So, what unites these roles Jesus plays in
the story of our salvation? To me, it’s
this: that God isn’t just willing to save us; God goes to the extreme to
save us. I mean, we’d expect God to act
a certain way, right? If the sovereign
of the universe is coming to do battle with Satan, and heal us of our sin, and give
us a new way of relating to each other – you’d think that would be a pretty
stunning display, right? You’d think the
anointed King would come … well, the way God’s people 2,000 years ago were
expecting, with war horses and chariots and cosmic power. After all, the “heavenly host” (Luke 2:13) in
the reading tonight was the army of the Most High God. Those legions were supposed to be toppling
the legions of Rome, not serenading shepherds on a dark, lonely night.

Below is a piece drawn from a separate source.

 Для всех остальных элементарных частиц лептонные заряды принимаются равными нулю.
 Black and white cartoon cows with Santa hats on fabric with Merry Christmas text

But instead, God enters into our story as
us. The cosmic King is born in a cave on
a quiet hillside in the middle of nowhere, welcomed by people on the margin of
the margins, a couple of unmarried peasants under orders to report for imperial
taxation. First on the road and then on
the run, the young parents Mary and Joseph emigrate as refugees to get away from
a ruler who wants to see them dead, taking the newborn King to a more welcoming
country where they start over, homeless.
This is not your standard story of divine
conquest. So, if we’re looking for what Christmas
is all about, Charlie Brown, here’s one way to see it: God wants so badly to
defeat sin and death, to heal our broken places, to show us how to live – God
wants so badly to set the world to rights that God will rebuild it, at great
personal cost, from the bottom up.
It matters, on this holy night, that we
know that. But it also matters that we feel
it. And in our culture, experiencing a
relationship with God often gets expressed in terms of “being saved.” Growing up in Springfield, Missouri, at least
outside the friendly confines of my head-oriented family and church, I heard a
lot about having a personal relationship with Jesus Christ. It was all over the bumper stickers and
billboards and other churches’ signs. It
was on the lips of the people who came knocking on your door. And it made me nervous because, although we
shared a common faith, we did not share a common language. I had no idea what they were talking about
when they asked, “Do you know Jesus Christ as your personal Lord and Savior? Have you been washed in the blood of the Lamb?” I had no answer to give them. I didn’t even know what it meant to have Jesus
as your personal Lord and Savior or to be washed in the blood of the Lamb. I was much more comfortable with a reasonable
God, a God who only needed to make sense.
Over time, my conceptual God gave way to a
different one, a slightly more relatable deity – God the supervisor, God
the boss. It may be an occupational hazard
for people in my line of work, but it came to define my “relationship” with
Jesus Christ: He was the one who gave me
assignments. Now, you can have a good
relationship with your boss, but it’s not exactly a “relationship” in an
emotional sense, the kind that might change your life. So, for years, Jesus has sat across the desk
from me in a constant state of performance evaluation. Whoopee.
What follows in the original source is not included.